- Born: November 4, 1925 Hertford, North Carolina
- Died: May 14, 2006 (aged 80) At home, Hertford, North Carolina
- Education: North Carolina Agricultural and Technical State University; New York University;
- Known for: First African-American PhD in mathematics from NYU; First chair ECSU Department of Physical Sciences and Mathematics;
- Scientific career
- Fields: Mathematician and professor;
- Workplaces: Elizabeth City State University (ECSU);

= Louise Nixon Sutton =

African-American mathematician

Louise Nixon Sutton (November 4, 1925 – May 14, 2006) was a mathematician. She was the first African-American woman to be awarded a PhD in mathematics education by New York University, and the first chair of the Department of Physical Sciences and Mathematics at Elizabeth City State University.
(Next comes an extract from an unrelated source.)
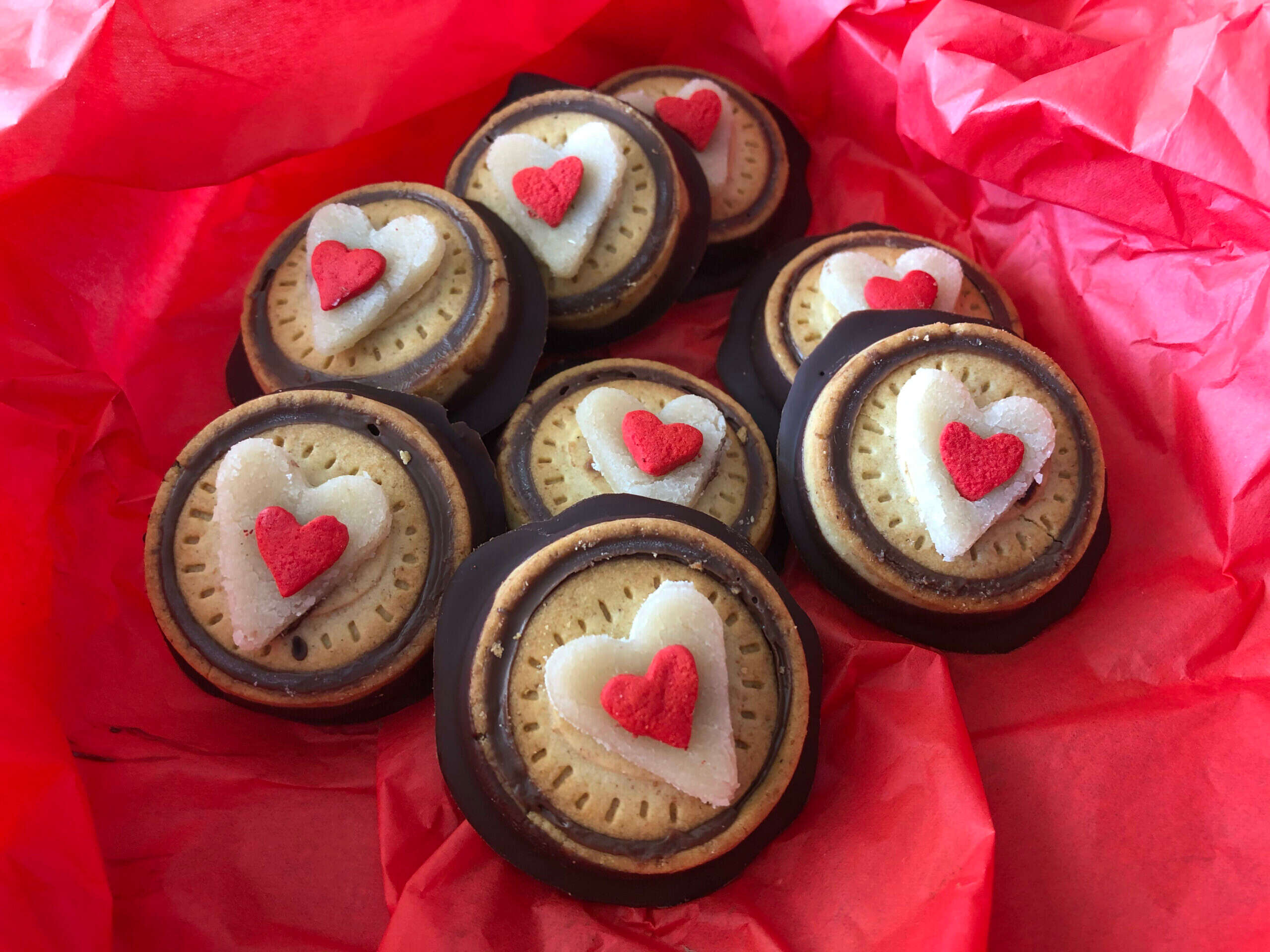 מדביקים את הלבבות לעוגייה בעזרת מעט נוטלה.

==Early life and education==
Sutton was born in Hertford, North Carolina. Her parents were Annie McNair Nixon and John Calhoun Nixon, and she had three brothers: John Stuart Nixon, Norris Lee Nixon, and Thomas Rufus Nixon. She gained a B.S. from the North Carolina Agricultural and Technical State University in 1946, and an MA from New York University in 1951. She was awarded the first PhD in mathematics education to an African American at New York University in 1962, for a dissertation titled Concept learning in trigonometry and analytic geometry at the college level: a comparative study of two methods of teaching trigonometry and analytic geometry at the college level.

==Career==
After gaining her degrees, Sutton taught mathematics at James B. Dudley High School in Greensboro, North Carolina, from 1946 to 1947. She was very interested in math at school. From 1947 to 1954 she was assistant professor at North Carolina A&T State University, before moving to hold the same position at Delaware State College from 1957 to 1962.

In 1962 she became Professor and Chair of the Physical Sciences and Mathematics Department at Elizabeth City State University in Elizabeth City, North Carolina.

Sutton was a member of the North Carolina A&T State University Alumni Association, Delta Sigma Theta sorority, National Association of University Women, and the National Council of Teachers of Mathematics. She was Chairperson of the National Association of University Women from 1977 to 1978, and a member of Alpha Kappa Mu, and Beta Kappa Chi Scientific Society.

==Personal life==
Sutton died at home in Hertford, North Carolina, on May 14, 2006. She had been an active member of the St. Paul A.M.E. Zion Church, NAACP, George Washington Carver Floral Club, Arabia Court No. 35 of Daughters of Isis, and the North Carolina State Retired Employees Association.